Material provided:
- - - - - - -
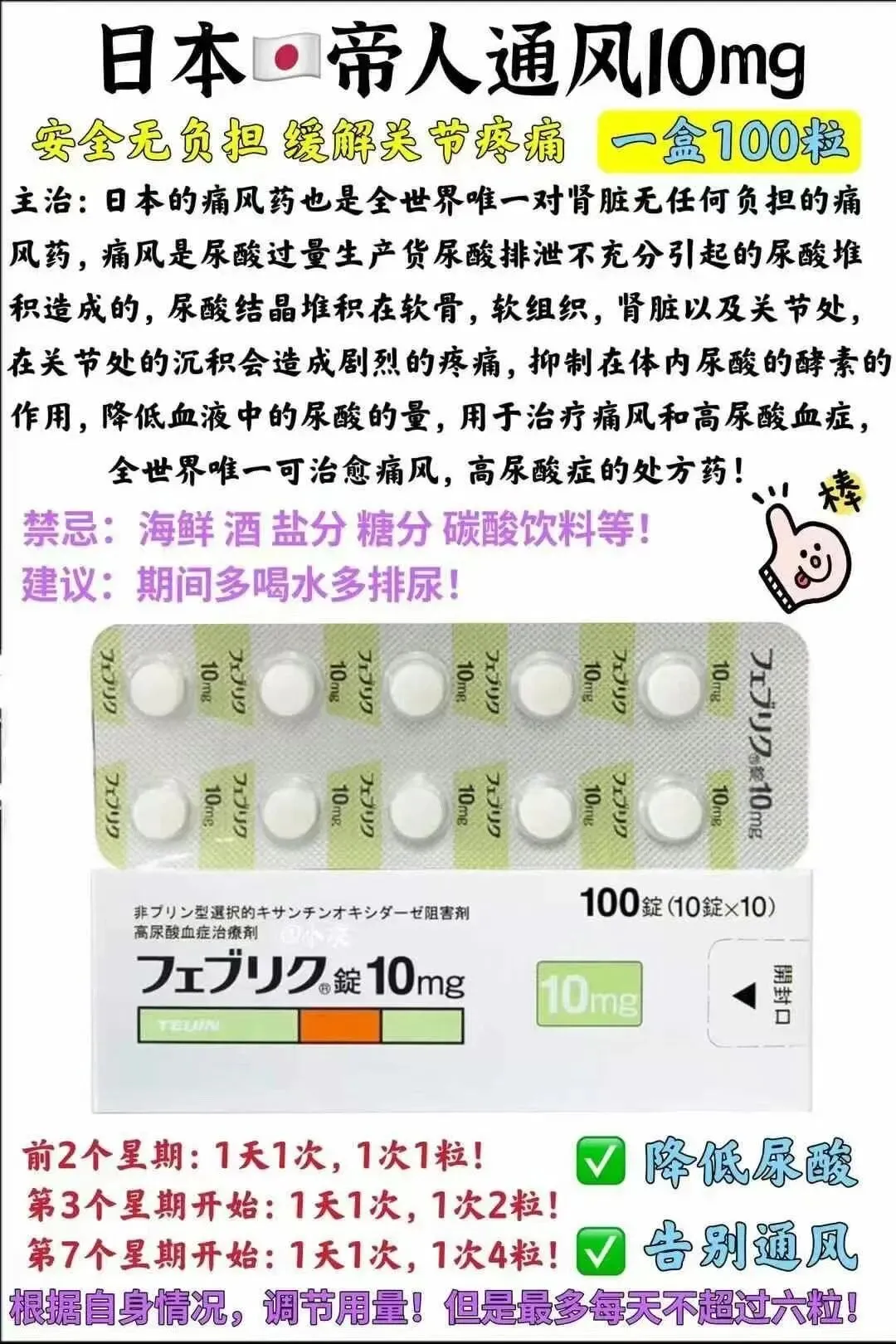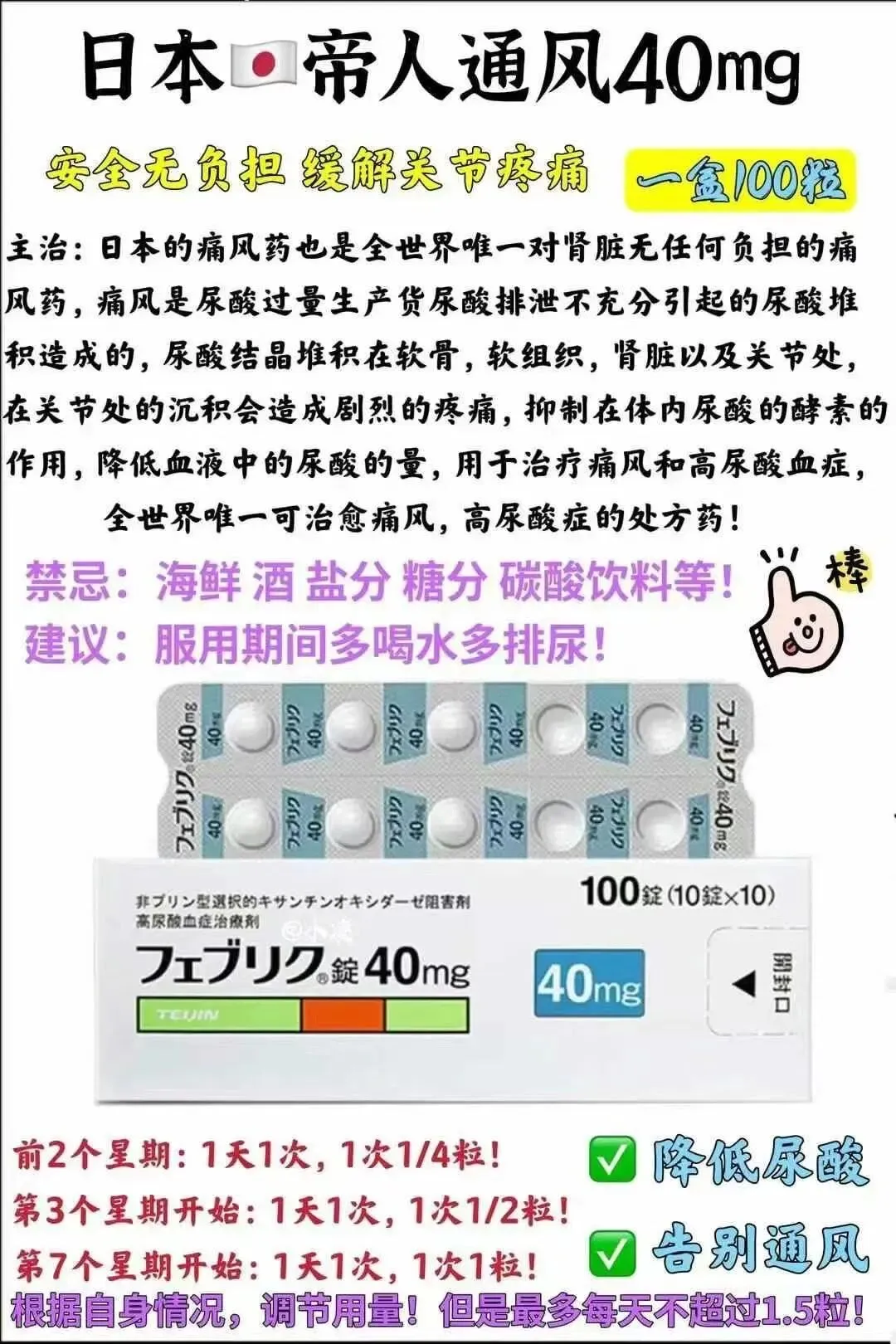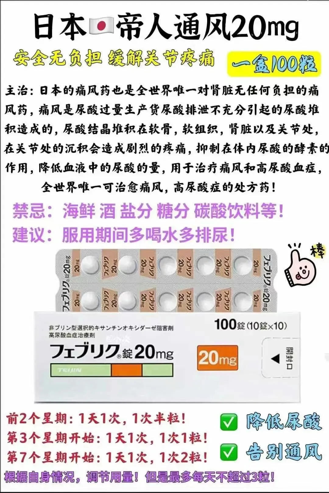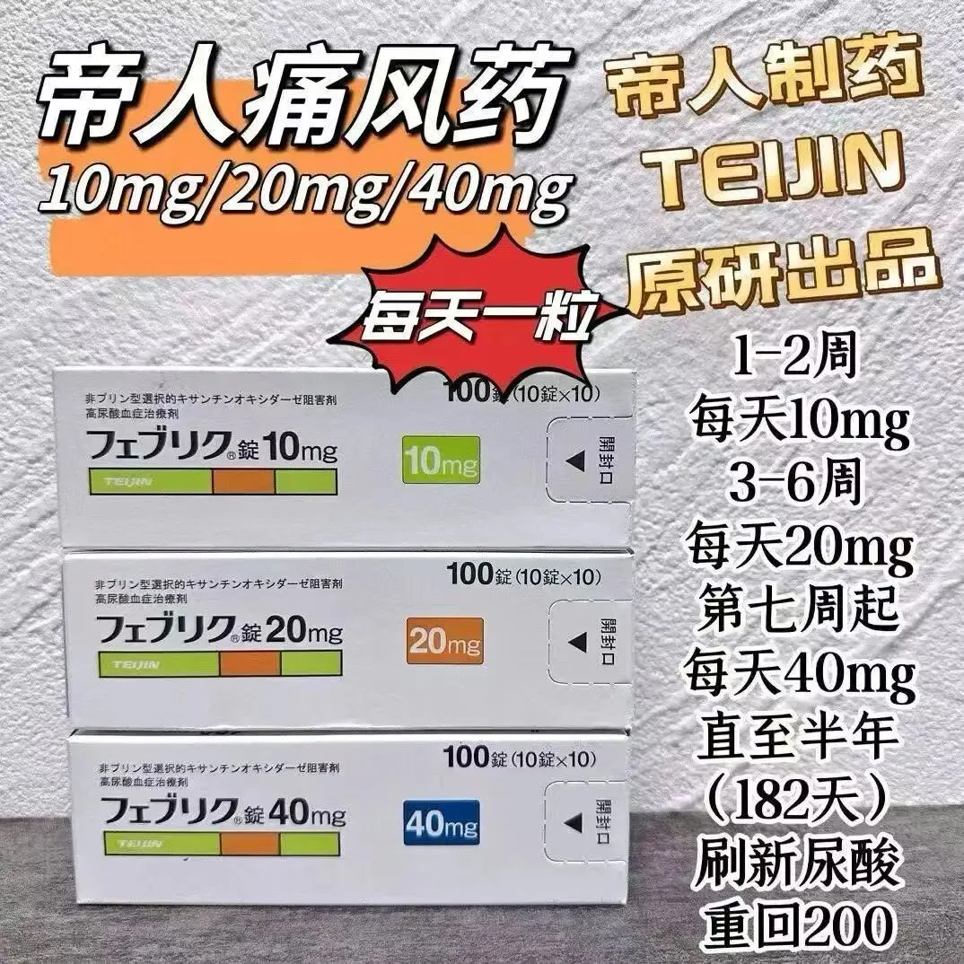 这款有3个款式,10mg,20mg,40mg,都是新包装,帝人痛风新包装100粒装,主治:痛风,高尿酸血症。
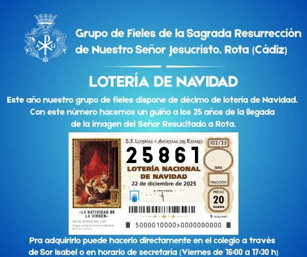 ROTA COFRADE.- El Grupo de Fieles de la Sagrada Resurrección de Ntro. Señor Jesucristo ha anunciado que dispone de décimos de Lotería de Navidad con el número 25.861.
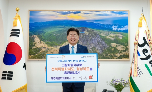 오영훈 지사는 “전북과 경북지역이 호우 피해로 어려움을 겪고 있는데, 더 이상의 피해 없이 하루빨리 일상으로 복귀할 수 있길 바란다”며 “고향사랑기부로 두 지역을 응원한다”고 말했다.
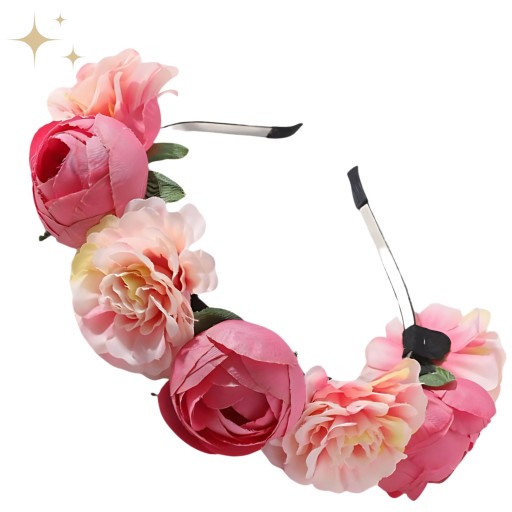 Opaska wianek Z KWIATAMI na głowę różowy Z RÓŻAMI piwonie do włosów BOHO
- - - - - - -
Exercise prompt:
With the pictures omitted, copy exactly the lines from the line that contains "ROTA COFRADE.- El" through the end of the material.

Solution:
 ROTA COFRADE.- El Grupo de Fieles de la Sagrada Resurrección de Ntro. Señor Jesucristo ha anunciado que dispone de décimos de Lotería de Navidad con el número 25.861.
 오영훈 지사는 “전북과 경북지역이 호우 피해로 어려움을 겪고 있는데, 더 이상의 피해 없이 하루빨리 일상으로 복귀할 수 있길 바란다”며 “고향사랑기부로 두 지역을 응원한다”고 말했다.
 Opaska wianek Z KWIATAMI na głowę różowy Z RÓŻAMI piwonie do włosów BOHO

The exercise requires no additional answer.